Exiv2 / exiv2

Image metadata library and tools
http://www.exiv2.org/
Other
893 stars 279 forks source link

Exiv2 is slow on video files #1724

Closed maxpozdeev closed 2 years ago

maxpozdeev commented 3 years ago

Sometimes I use exiv2 to read metadata from large .MOV video files (many gigabytes and/or networked volumes) (just to check this is not an image). This can take a long time due to the whole file is read. Maybe exiv2 should ignore BMFF files with video brands?

Exiv2 0.27.4 from repo with EXIV2_ENABLE_BMFF=On (on macOS)

hassec commented 3 years ago

Hi @maxpozdeev thanks for the report! :+1:

I think that's a bug... :see_no_evil:

On a random *.MOV file I get the following

File size       : 51844028 Bytes
MIME type       : image/generic
Image size      : 0 x 0
IMG_0667.MOV: No Exif data found in the file

But I'd say returning an image/generic MIME type is not great...

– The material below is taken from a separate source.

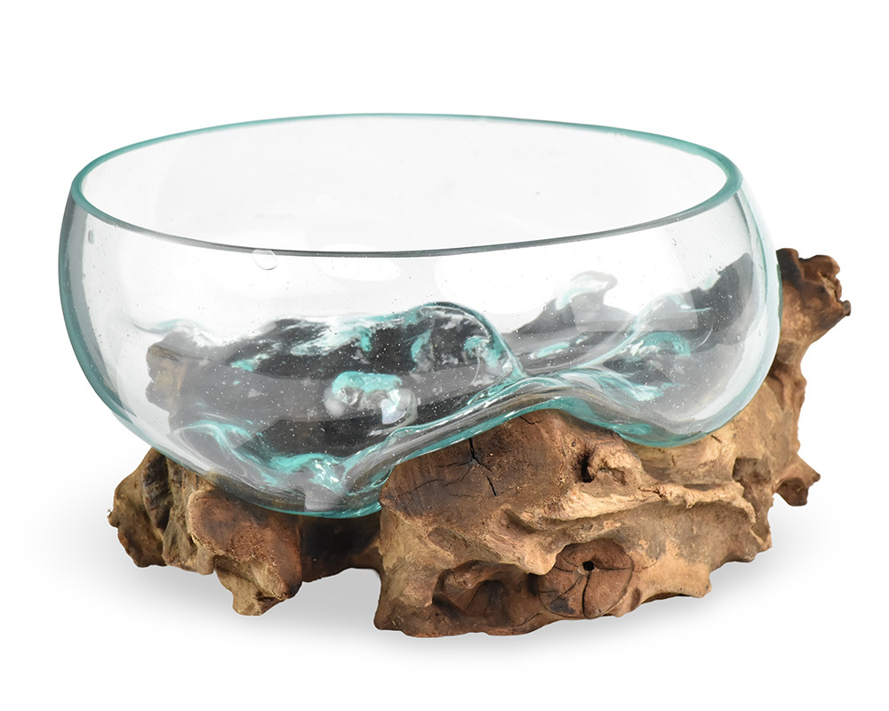 Skleněná mísa na dřevě 20 cm velká - var. E

I agree, that this should abort earlier instead of trying to parse the entire file as a BMFF image.

Until this is fixed, maybe just do your check by for example running the file command to make sure it's not a MOV file?

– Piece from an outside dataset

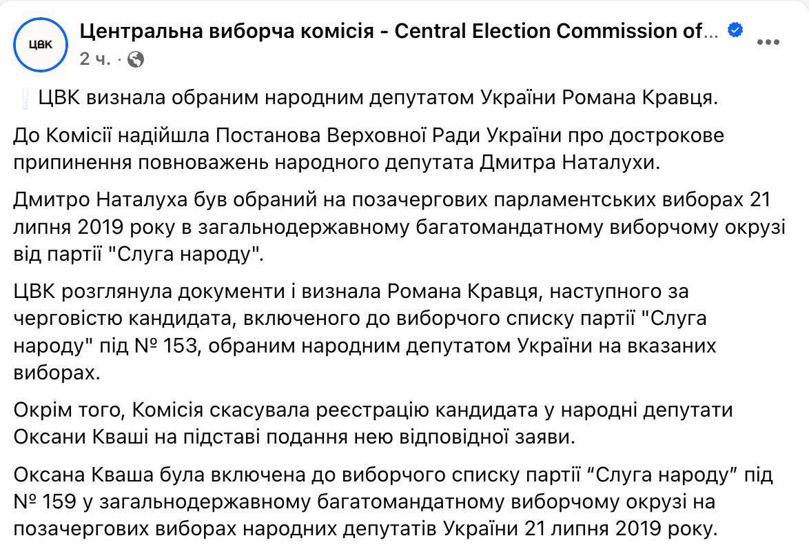 "ЦИК признала избранным народным депутатом Украины Романа Кравца", - говорится в сообщении.

maxpozdeev commented 3 years ago

I used a quick fix, to check if the media type is a supported image. I think there will be more and more media formats (video and images) which use BMFF as their container. So maybe Exiv2 should strictly check for supported image formats.

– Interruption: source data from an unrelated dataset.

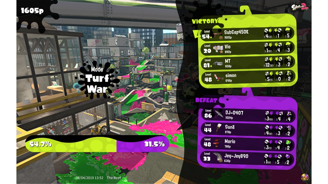 | Mode | Turf War - Regular Battle | ||||||||||||||||
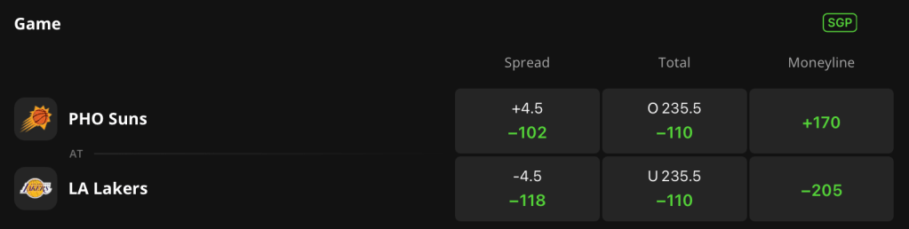 The Lakers enter as 4.5-point favorites and hold -205 Moneyline odds on DraftKings Sportsbook. The Suns are +170 underdogs, with the game total set at 235.5 points.
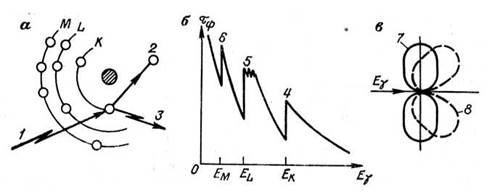 Фотоэлектрическое поглощение. Фотоэффект на К – электронах происходит при энергиях, соизмеримых с энергиями связи электронов с ядром. При этом гамма – квант передаёт свою энергию электрону. Это можно описать формулой:
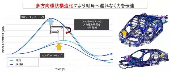 再从另一家宅男日企看,马自达的创驰蓝天架构里,也是通过结构的优化来提升整车的钢性,并采用新的高强度材料来加强局部碰撞位置的强度。

diff --git a/include/exiv2/bmffimage.hpp b/include/exiv2/bmffimage.hpp
index 8bc160fe..d819acbc 100644
--- a/include/exiv2/bmffimage.hpp
+++ b/include/exiv2/bmffimage.hpp
@@ -32,6 +32,7 @@
 namespace Exiv2
 {
     EXIV2API bool enableBMFF(bool enable = true);
+    EXIV2API bool enableOnlySupportedBMFF(bool enable = true);
 }

 #ifdef EXV_ENABLE_BMFF
diff --git a/src/bmffimage.cpp b/src/bmffimage.cpp
index e22979d0..2b144ce8 100644
--- a/src/bmffimage.cpp
+++ b/src/bmffimage.cpp
@@ -89,9 +89,17 @@ struct BmffBoxHeader
 namespace Exiv2
 {
     static bool   enabled = false;
+    static bool   onlySupportedFiles = false;
     EXIV2API bool enableBMFF(bool enable)
     {
         enabled = enable ;
+        onlySupportedFiles = false ;
+        return true ;
+    }
+    EXIV2API bool enableOnlySupportedBMFF(bool enable)
+    {
+        enabled = enable ;
+        onlySupportedFiles = enable ;
         return true ;
     }

@@ -639,6 +647,18 @@ namespace Exiv2

         bool matched = (buf[4] == 'f' && buf[5] == 't' && buf[6] == 'y' && buf[7] == 'p')
                      ||(buf[4] == 'J' && buf[5] == 'X' && buf[6] == 'L' && buf[7] == ' ');
+
+        //TODO: Good idea to test compatile brands as well
+        matched = onlySupportedFiles && matched && ( 
+                               (buf[8] == 'a' && buf[9] == 'v' && buf[10] == 'i')                       //avi[f] - AVIF types
+                             ||(buf[8] == 'm' && buf[9] == 'i' && buf[10] == 'f' && buf[11] == '1')     //mif1 - image    - any coding
+                             ||(buf[8] == 'm' && buf[9] == 's' && buf[10] == 'f' && buf[11] == '1')     //msf1 - sequence - any coding
+                             ||(buf[8] == 'm' && buf[9] == 'i' && buf[10] == 'a' && buf[11] == 'f')     //miaf - just for compatibility
+                             ||(buf[8] == 'h' && buf[9] == 'e' && buf[10] == 'i')                       //hei[c] - image    - HEVC
+                             ||(buf[8] == 'h' && buf[9] == 'e' && buf[10] == 'v')                       //hev[c] - sequence - HEVC
+                             ||(buf[8] == 'c' && buf[9] == 'r' && buf[10] == 'x' && buf[11] == ' ')     //Canon CR3
+                             ||(buf[8] == 'J' && buf[9] == 'X' && buf[10] == 'L' && buf[11] == ' ') );  //JPEG XL
+
         if (!advance || !matched) {
             iIo.seek(static_cast<long>(0), BasicIo::beg);
         }
hassec commented 3 years ago

Hi @maxpozdeev I've created #1745 to fix this problem, but will wait for some more feedback from other maintainers, as I'm not sure what the best way to handle this will be.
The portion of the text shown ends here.